### DESCRIPTION OF THE TASK
Retype exactly every line from the one that includes "Elegant Lantern Long" through the final line of the listing, both ends kept, and omit the pictures.

### SUPPLIED INFORMATION
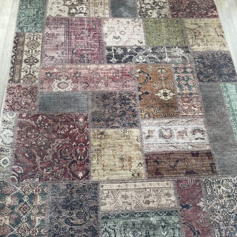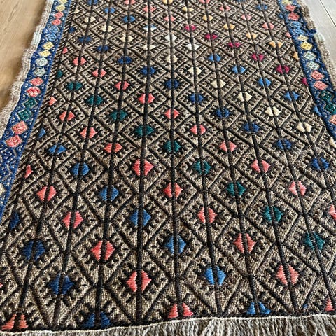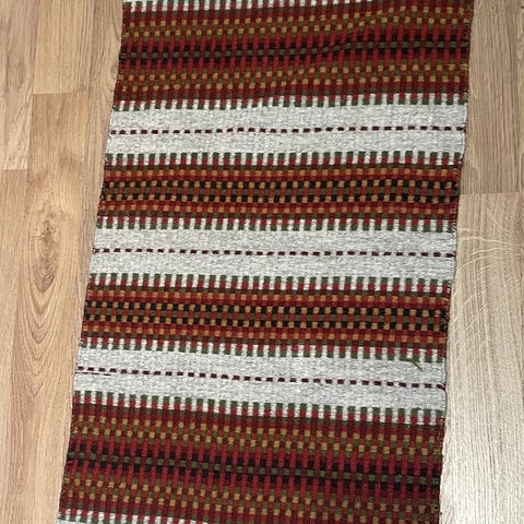 IKEA teppe med geometrisk mønster i flere farger, inkludert blå, rød, beige og brun. Teppe med frynser i kantene, laget av ull
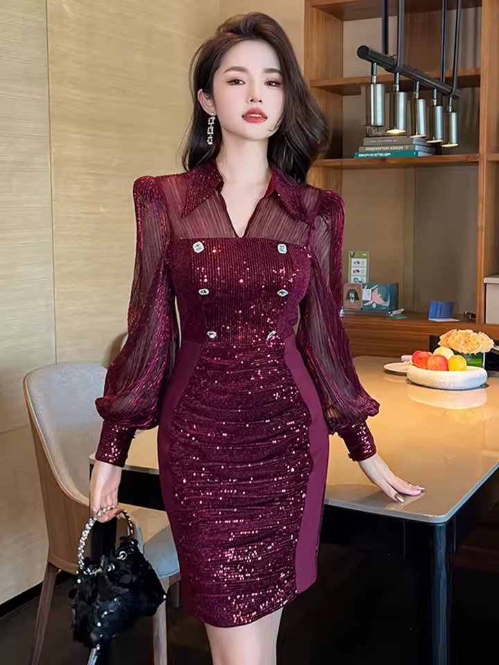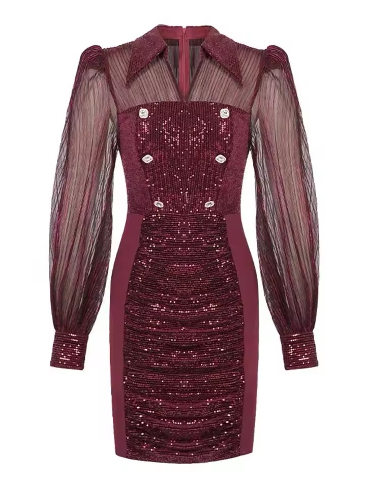 Elegant Lantern Long Sleeve Solid Retro Sequins Lapel Pencil Mini Dress
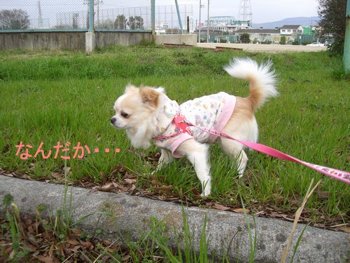 今日は、お休みの日です風邪もようやく治りました昨日、寝るのが遅かったのでゆっくり朝寝坊したかったのですが、ハルトさんが朝から起きろ起きろとうるさいので、8時過ぎには起きました そのとおり、お休みですよ~ おでかけね~近所の公園にでも行きますか? 家から歩いて5分の所にある公園に行くことにしました近いですが、ふ~ちゃんはバギーに乗せて行く事に・・・このバギー、買うときは家族から散々反対されましたが、便利ですよ~買って良かった・・・ ふ~ちゃんも嬉しそうですハルトは自分で歩いてます公園横には、野球場とテニスコートがありますせっかくだし、ふ~ちゃんを歩かせてみようっと・・・ わたしの足にくっついてきて困っちゃいます なんで、テンション下がってるのよ~テニスコートでは、シルバーの方たちが軽快にテニスされてますいいな~わたしも早く定年退職して、こういう暮らししてみたいわ~テニスしてるんだよ~ふ~ちゃん、ハルトが呼んでますよ~ 2匹リードで連れて歩くのって意外と大変です。そうこうしてるうちに・・・公園に到着~ だ~れもいません・・・公園での様子は、明日です。明日も見て下さいね今日もハルトふくのブログに訪問して下さってありがとうございますチワワブログランキング参加中です応援よろしくお願いします。ちょっと下降してますが・・・ ↑↑↑↑クリックしてね
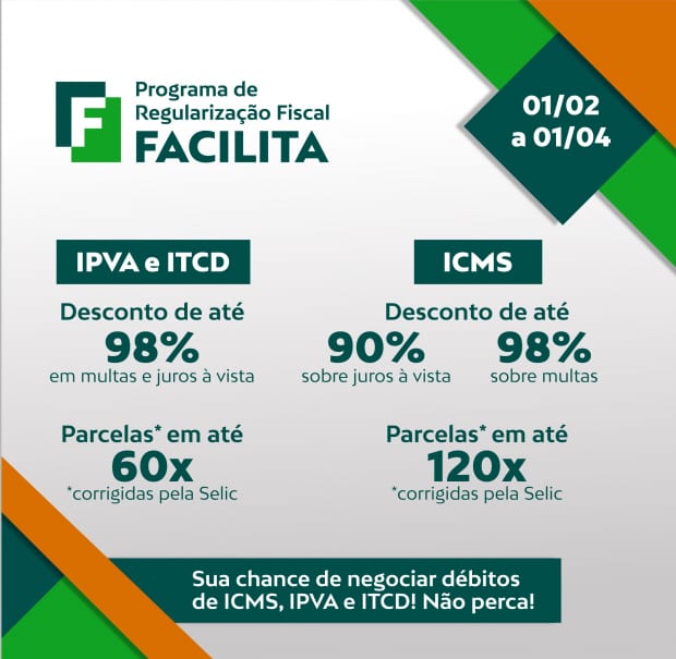 Segundo informações do Governo do Estado, O programa Facilita permite o pagamento à vista o desconto nos juros e na multa de IPVA e ITCD é de até 98%, além disso o débito poderá ser parcelado em até 60 vezes com correção pela taxa selic. “É uma grande chance para o contribuinte regularizar débitos com a receita estadual, especialmente nesse momento delicado de dificuldade causado pelos impactos econômicos da pandemia”, frisou a secretária da Economia, Cristiane Schmidt.

### RESULT FOR THIS EXERCISE
 Elegant Lantern Long Sleeve Solid Retro Sequins Lapel Pencil Mini Dress
 今日は、お休みの日です風邪もようやく治りました昨日、寝るのが遅かったのでゆっくり朝寝坊したかったのですが、ハルトさんが朝から起きろ起きろとうるさいので、8時過ぎには起きました そのとおり、お休みですよ~ おでかけね~近所の公園にでも行きますか? 家から歩いて5分の所にある公園に行くことにしました近いですが、ふ~ちゃんはバギーに乗せて行く事に・・・このバギー、買うときは家族から散々反対されましたが、便利ですよ~買って良かった・・・ ふ~ちゃんも嬉しそうですハルトは自分で歩いてます公園横には、野球場とテニスコートがありますせっかくだし、ふ~ちゃんを歩かせてみようっと・・・ わたしの足にくっついてきて困っちゃいます なんで、テンション下がってるのよ~テニスコートでは、シルバーの方たちが軽快にテニスされてますいいな~わたしも早く定年退職して、こういう暮らししてみたいわ~テニスしてるんだよ~ふ~ちゃん、ハルトが呼んでますよ~ 2匹リードで連れて歩くのって意外と大変です。そうこうしてるうちに・・・公園に到着~ だ~れもいません・・・公園での様子は、明日です。明日も見て下さいね今日もハルトふくのブログに訪問して下さってありがとうございますチワワブログランキング参加中です応援よろしくお願いします。ちょっと下降してますが・・・ ↑↑↑↑クリックしてね
 Segundo informações do Governo do Estado, O programa Facilita permite o pagamento à vista o desconto nos juros e na multa de IPVA e ITCD é de até 98%, além disso o débito poderá ser parcelado em até 60 vezes com correção pela taxa selic. “É uma grande chance para o contribuinte regularizar débitos com a receita estadual, especialmente nesse momento delicado de dificuldade causado pelos impactos econômicos da pandemia”, frisou a secretária da Economia, Cristiane Schmidt.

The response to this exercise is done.